Toyota secures lithium supply in Argentina

January 20, 2010

The move, announced late Tuesday, signals the growing role that lithium is likely to play in the auto industry in the coming years. Lithium, the lightest metal on the periodic table, is a critical ingredient in lithium-ion batteries - currently found mostly in cell phones, laptops and some high-end electric cars. It is expected to see much wider use in next-generation automobile batteries.

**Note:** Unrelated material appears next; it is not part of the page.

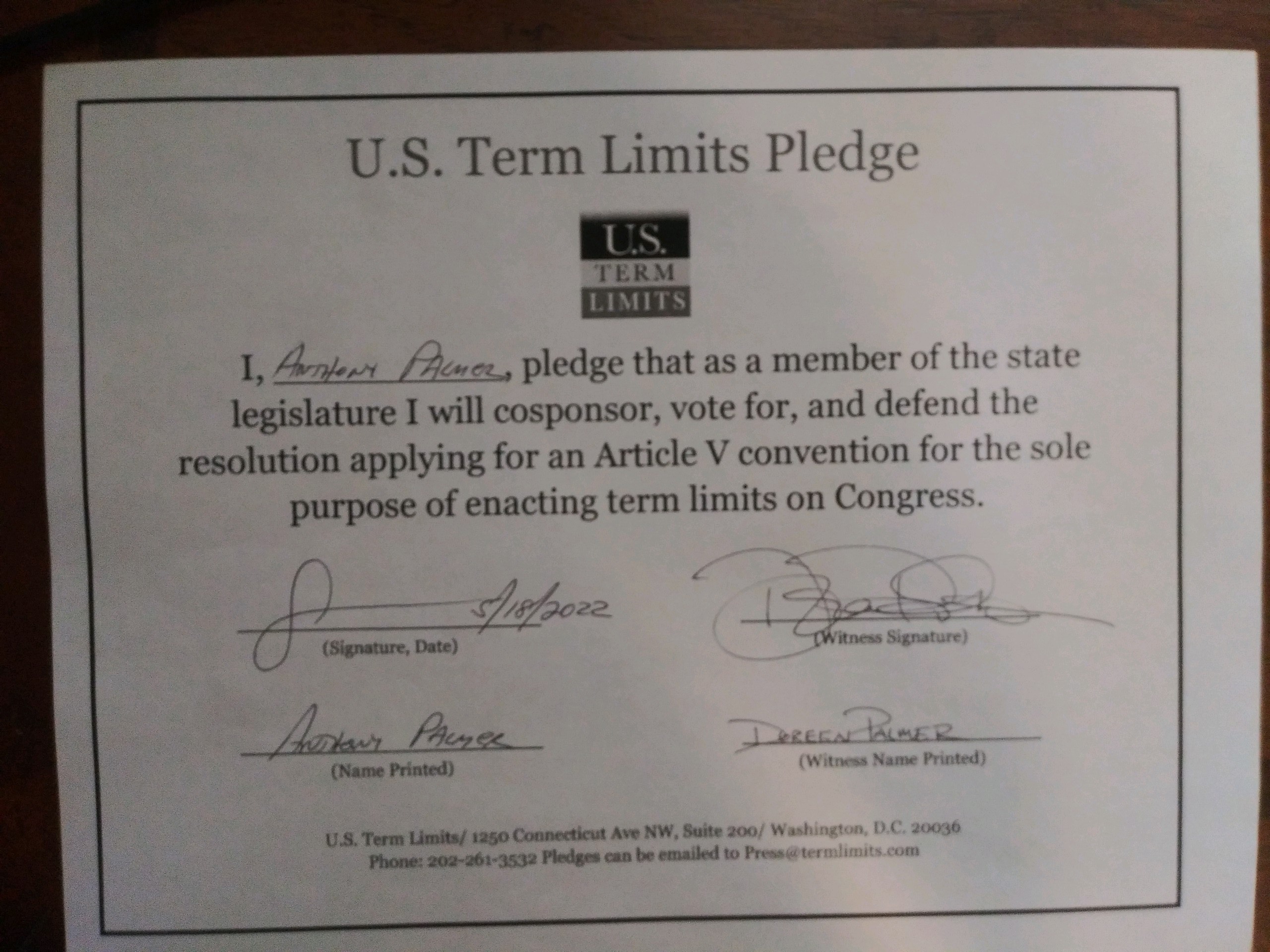 Tony Palmer Pledges to Support Congressional Term Limits

"This generation and the next generation of batteries in automobiles ... is going to be lithium," said Don Hillebrand, director of the Transportation Research Center at Argonne National Laboratory. "Looking at the cutting edge stuff 10 or 30 years out, that's going to be lithium too, and probably more lithium intensive."

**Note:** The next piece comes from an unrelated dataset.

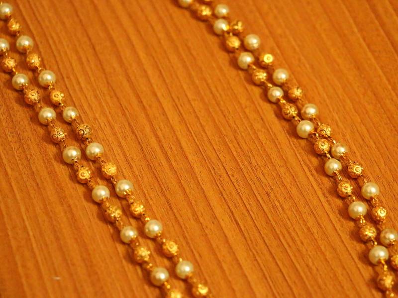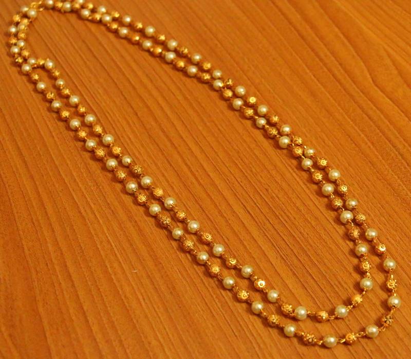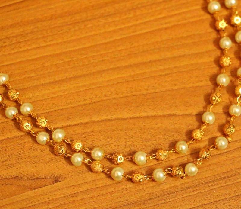 This beautiful necklace is handcrafted in copper alloy with imitation pearls & polki beads work of very fine quality . This necklace is coated with 18 kt gold polish which give them a unique look . An absolutely stunning piece to own and are very light in weight.

The partnership announced Tuesday includes Toyota Tsusho Corp. and Australian miner Orocobre Ltd. They will develop a lithium mine in northwestern Argentina. The project is expected to cost about $100 million, Orocobre Chairman James Calaway said.

Orocobre expects the mine, Salar de Olaroz, to begin commercial production in 2012.

Toyota Tsusho, partly owned by Toyota Motor, based in Toyota City in central Japan, is securing a low-cost loan from the Japanese government to help fund 60 percent of the mining project.